After settling in Los Angeles in 1949, he soon became involved in the city’s fledgling gay rights movement. Along with Merton Bird, a young African American activist, Legg founded the Knights of the Clock, a nonprofit organization that provided counseling for same-sex couples. In early 1952, he joined the Mattachine Society, Los Angeles’ first gay rights organization.

Harry Hay, 82, who founded the Mattachine Society in 1950, remembered Legg’s enthusiasm for the group.

“He was one of those people who, from the beginning, loved what we were doing and loved what was happening,” Hay said. “Until the 1950s, we were (thought to be) heterosexuals that had been perverted. They thought we had to be cured or be exterminated--either of the two.”
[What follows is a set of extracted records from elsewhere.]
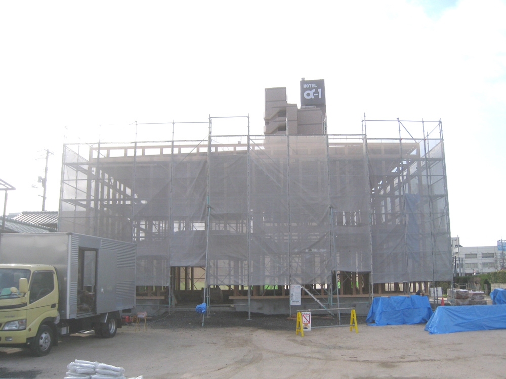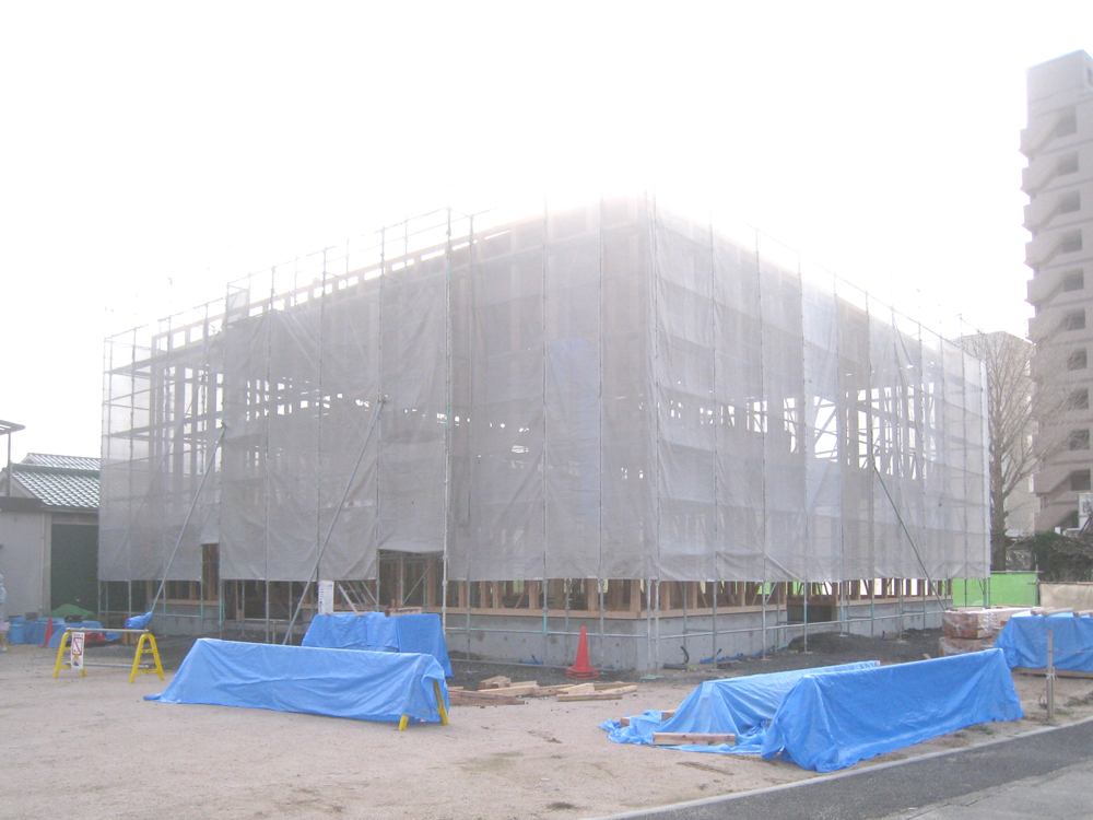 延べ床面積493.68uの木造二階建ての事務所新築工事です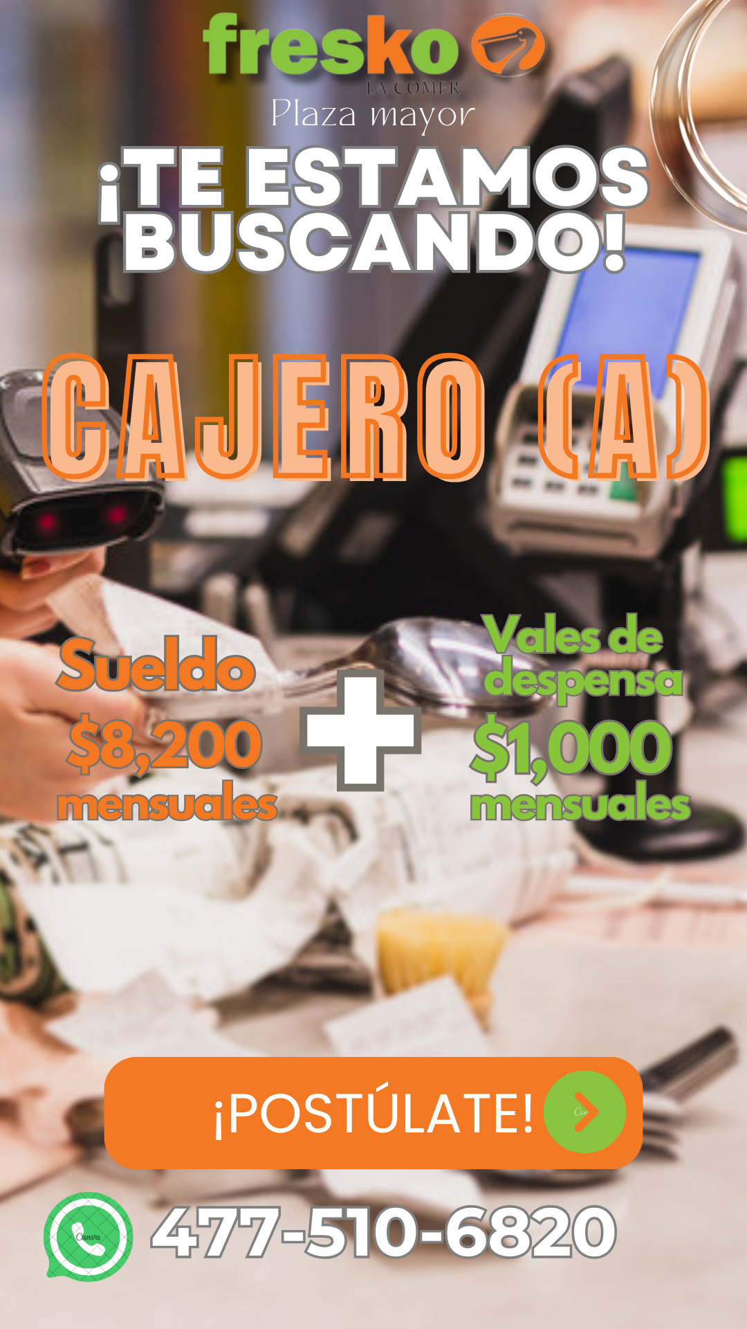 Estamos en búsqueda de un(a) Cajero(a) responsable y con excelente actitud para formar parte de nuestro equipo en Fresko Plaza Mayor. La persona seleccionada será responsable de realizar cobros, brindar atención amable y eficiente a los clientes, y mantener el orden en la caja registradora.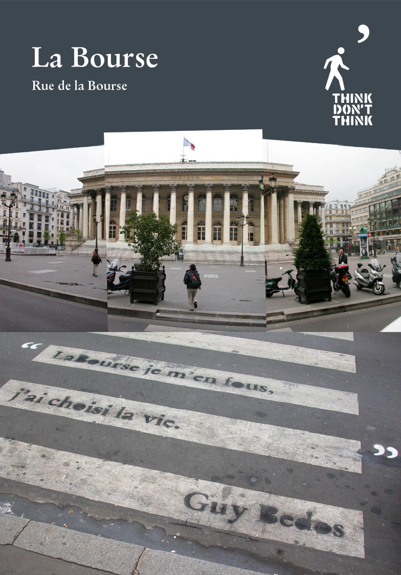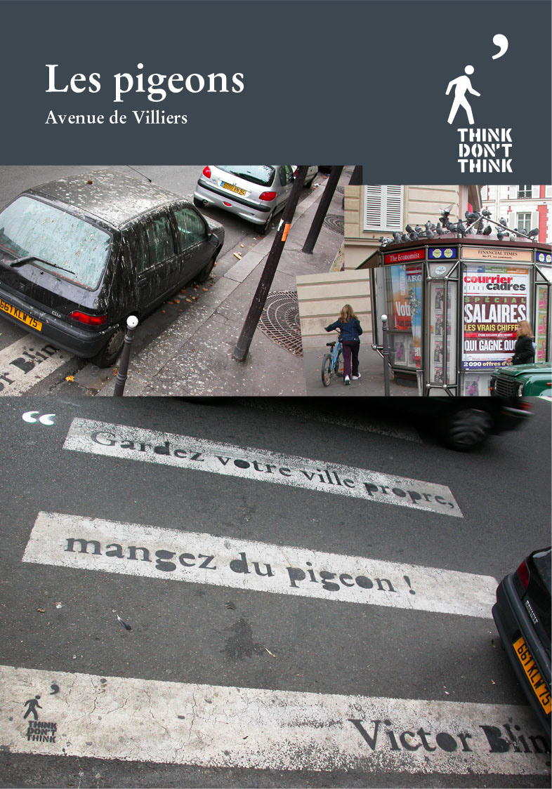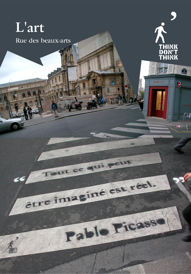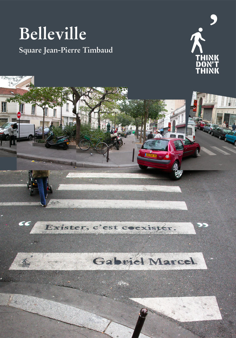 Projet de street art réalisé à Paris en 2003 utilisant les passages piétons comme support de communication. Il se compose seulement de 8 passages piétons ; le dernier étant celui devant chez Dior, Avenue Montaigne, qui nous a valu, avec Jean Paul Bagnis mon associé de l'époque, quelques heures au poste de police et surtout la confiscation de nos centaines de lettres Stempel Garamond. Merci la Police! (Scroll down you will find a link with an article in English of the Eye magazine)

It was during a 1952 Mattachine Society meeting that Legg proposed ONE Magazine, which became one of the nation’s first gay and lesbian magazines sold on newsstands. Out of that idea grew ONE Inc., which provided legal referrals and peer counseling. Over the years, it grew to include the ONE Institute, an accredited college-level school providing doctorates in homophile studies, and the Institute for the Study of Human Resources, which funds scholarly research.

As Legg and others continued to write for ONE Magazine and ONE Institute Quarterly, the texts used in their research were accumulated into one of the largest gay and lesbian research libraries.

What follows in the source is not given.